Portugal has 63 areas at potentially significant risk of flooding, which could affect more than 100,000 inhabitants on mainland Portugal, according to the Portuguese Environment Agency (APA).
But Nunes believes that the potential to increase the number of areas at risk is great, given that extreme phenomena are becoming more recurrent, but also less predictable.
"Allied to these more recurrent phenomena, we also have increasingly dispersed construction in areas at high risk of flooding. Urban growth, with construction in floodbeds, creates these situations, and possibly the number of areas that are susceptible to this type of flood risk will tend to grow in the future, in the face of increasingly extreme meteorological events," she says.
The University of Coimbra professor also points to the fact that buildings are built without taking risk maps into account.

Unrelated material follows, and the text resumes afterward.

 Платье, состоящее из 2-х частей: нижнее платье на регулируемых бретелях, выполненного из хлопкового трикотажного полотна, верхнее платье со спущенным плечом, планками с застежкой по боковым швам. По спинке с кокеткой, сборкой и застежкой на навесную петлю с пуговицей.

"Risk mapping is fundamental for delimiting the areas where urban areas should or shouldn't grow, and in reality, political power and local authorities are often not concerned with this issue; they are concerned with increasing their urban fabric, the area of housing or other infrastructures, without taking these risk areas into account," she explains.
For the professor, it is the central government that needs to define which institutions produce this mapping and the legal instruments that allow it to be operationalised in territorial terms.

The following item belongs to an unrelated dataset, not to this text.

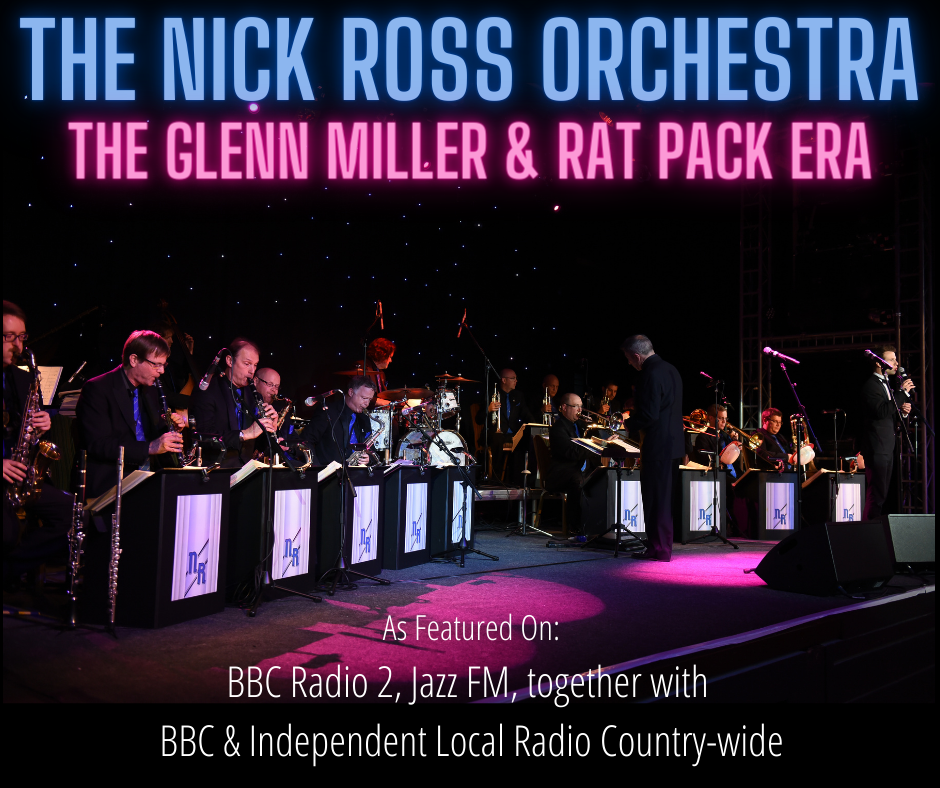 The NRO played its first season back in 1985 led by bandleader, Nick Ross and have been touring audiences across the UK and beyond ever since. This 16-piece big band features some of the finest musicians in the UK along with guest singers which have included Sam Merrick, Georgina Jackson & Matthew Ford. With records released in 2008 (My Favourite Things) and 2011 (Jeepers Creepers) respectively, the NRO have recently released their third album, 'Sounds of the Glenn Miller Era' (2020), recorded at the legendary Abbey Road Studios in London featuring vocalist, Sam Merrick. Recapture the sounds and memories of a bygone era as the Nick Ross Orchestra present an unmissable evening of music and song, the classic Big Band Sound of the Glenn Miller Era. With a line-up of saxophones, trumpets, trombones, a rhythm section and singers, the Nick Ross Orchestra faithfully recreate the Big Band sound of the '40s & '50s. The NRO Library features hits from Glenn Miller, Count Basie, Tommy Dorsey, Ted Heath, Artie Shaw, Woody Herman, Les Brown, Benny Goodman, Ray Noble, and Stan Kenton among others.... and our repertoire would not be complete without reference to the songbook of Frank Sinatra.

"We have to prepare our territory for these increasingly extreme events. And this can only be achieved through effective policies in terms of land use planning and management, which, in fact, have not been in line with the changes that are occurring in these phenomena," she argues.
Nunes stresses that all urban areas that don't have direct drainage to a watercourse run the risk of being flooded because the soil is waterproofed.
This is because "the internal drainage system in cities is undersized, i.e. it is not capable of draining all the water that circulates on the surface, because the soil is waterproofed and practically all the water from precipitation runs off onto the surface," she explains.
Most of the municipalities at risk are located in the Tagus and Oeste regions, but also around the Vouga, Mondego and Lis rivers.
"If we have buildings and people exposed, it's only natural that in an extreme situation the material and human damage will increase," the geographer laments.
She stresses that "cities, above all, will have to pay extra attention in this context of increasingly extreme phenomena, increasingly intense and concentrated rainfall and the increasing waterproofing of the soil, which means that the water doesn't infiltrate and circulate on the surface."